> Task brief
In the records below, the lines between the one holding "8、接下来,选择您关闭账号管" and the one holding "這個元素與那個元素融合,就能", inclusive, are to be transcribed exactly; no pictures are to be included.

> Provided data
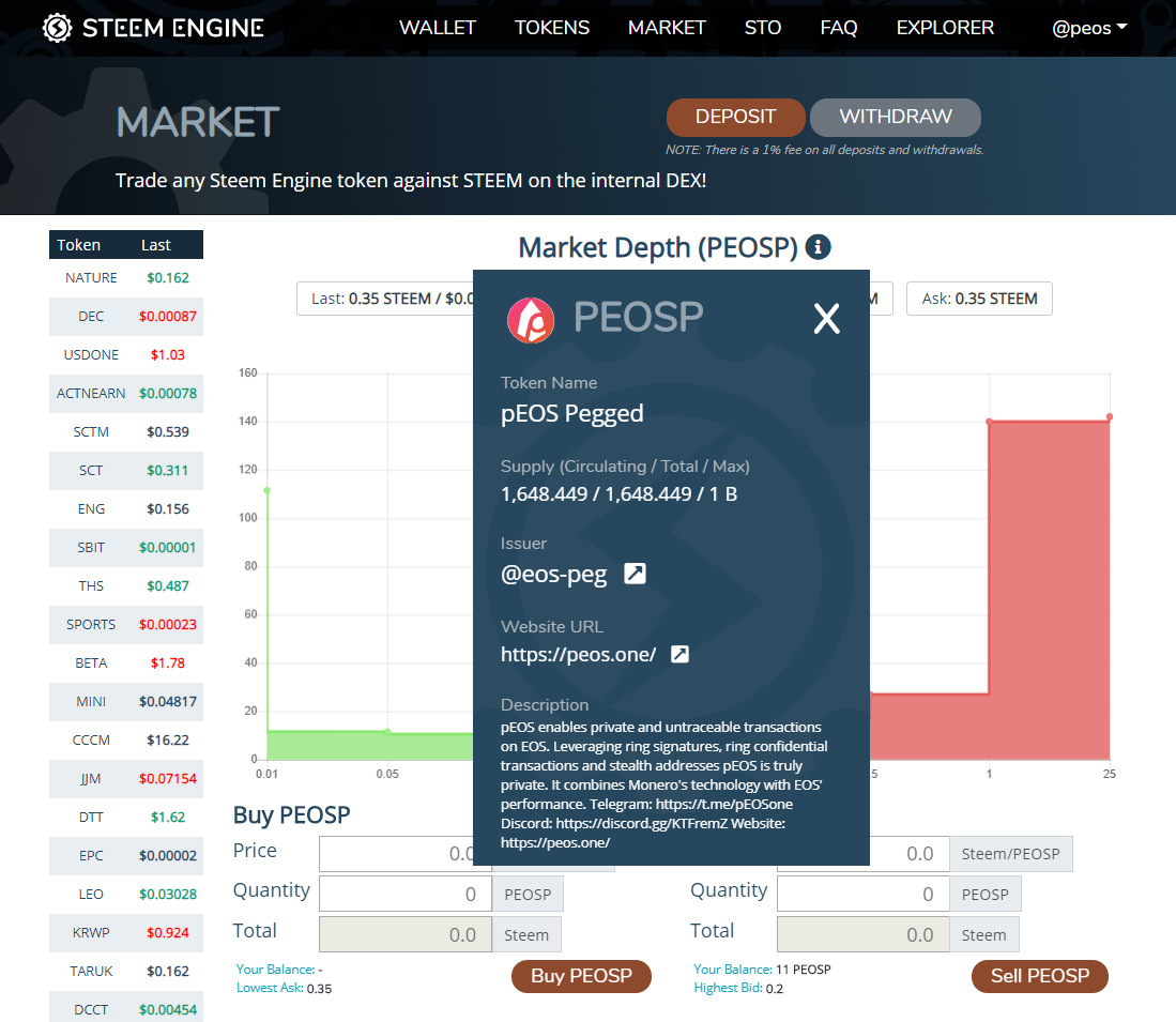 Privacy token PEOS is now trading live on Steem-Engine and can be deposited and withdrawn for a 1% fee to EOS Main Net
--
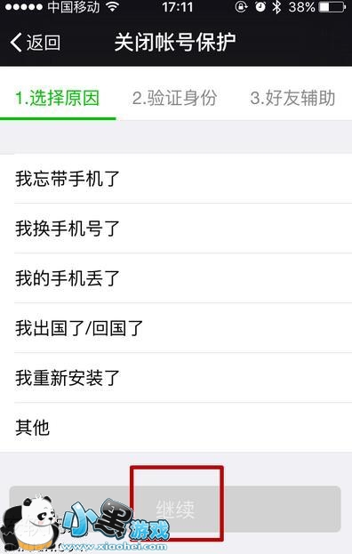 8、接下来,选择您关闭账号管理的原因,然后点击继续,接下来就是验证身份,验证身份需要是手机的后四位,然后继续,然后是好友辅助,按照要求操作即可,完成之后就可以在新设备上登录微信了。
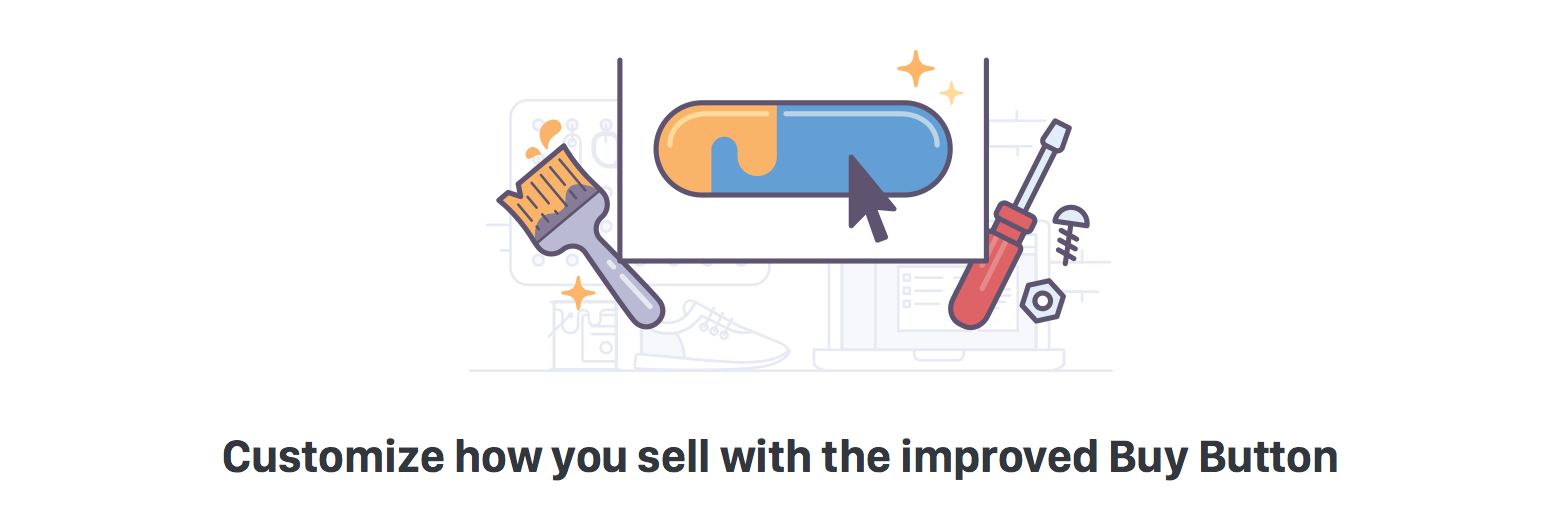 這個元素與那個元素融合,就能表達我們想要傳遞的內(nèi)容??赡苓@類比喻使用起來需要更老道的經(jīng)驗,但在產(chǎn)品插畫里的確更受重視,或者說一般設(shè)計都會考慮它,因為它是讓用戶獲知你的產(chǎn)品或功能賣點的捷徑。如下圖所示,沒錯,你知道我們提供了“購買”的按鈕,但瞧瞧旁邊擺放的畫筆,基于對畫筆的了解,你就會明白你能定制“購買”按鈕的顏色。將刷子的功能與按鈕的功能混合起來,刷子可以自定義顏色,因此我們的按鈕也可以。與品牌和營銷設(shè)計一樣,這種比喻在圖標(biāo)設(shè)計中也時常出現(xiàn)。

> Answer to this exercise
 8、接下来,选择您关闭账号管理的原因,然后点击继续,接下来就是验证身份,验证身份需要是手机的后四位,然后继续,然后是好友辅助,按照要求操作即可,完成之后就可以在新设备上登录微信了。
 這個元素與那個元素融合,就能表達我們想要傳遞的內(nèi)容??赡苓@類比喻使用起來需要更老道的經(jīng)驗,但在產(chǎn)品插畫里的確更受重視,或者說一般設(shè)計都會考慮它,因為它是讓用戶獲知你的產(chǎn)品或功能賣點的捷徑。如下圖所示,沒錯,你知道我們提供了“購買”的按鈕,但瞧瞧旁邊擺放的畫筆,基于對畫筆的了解,你就會明白你能定制“購買”按鈕的顏色。將刷子的功能與按鈕的功能混合起來,刷子可以自定義顏色,因此我們的按鈕也可以。與品牌和營銷設(shè)計一樣,這種比喻在圖標(biāo)設(shè)計中也時常出現(xiàn)。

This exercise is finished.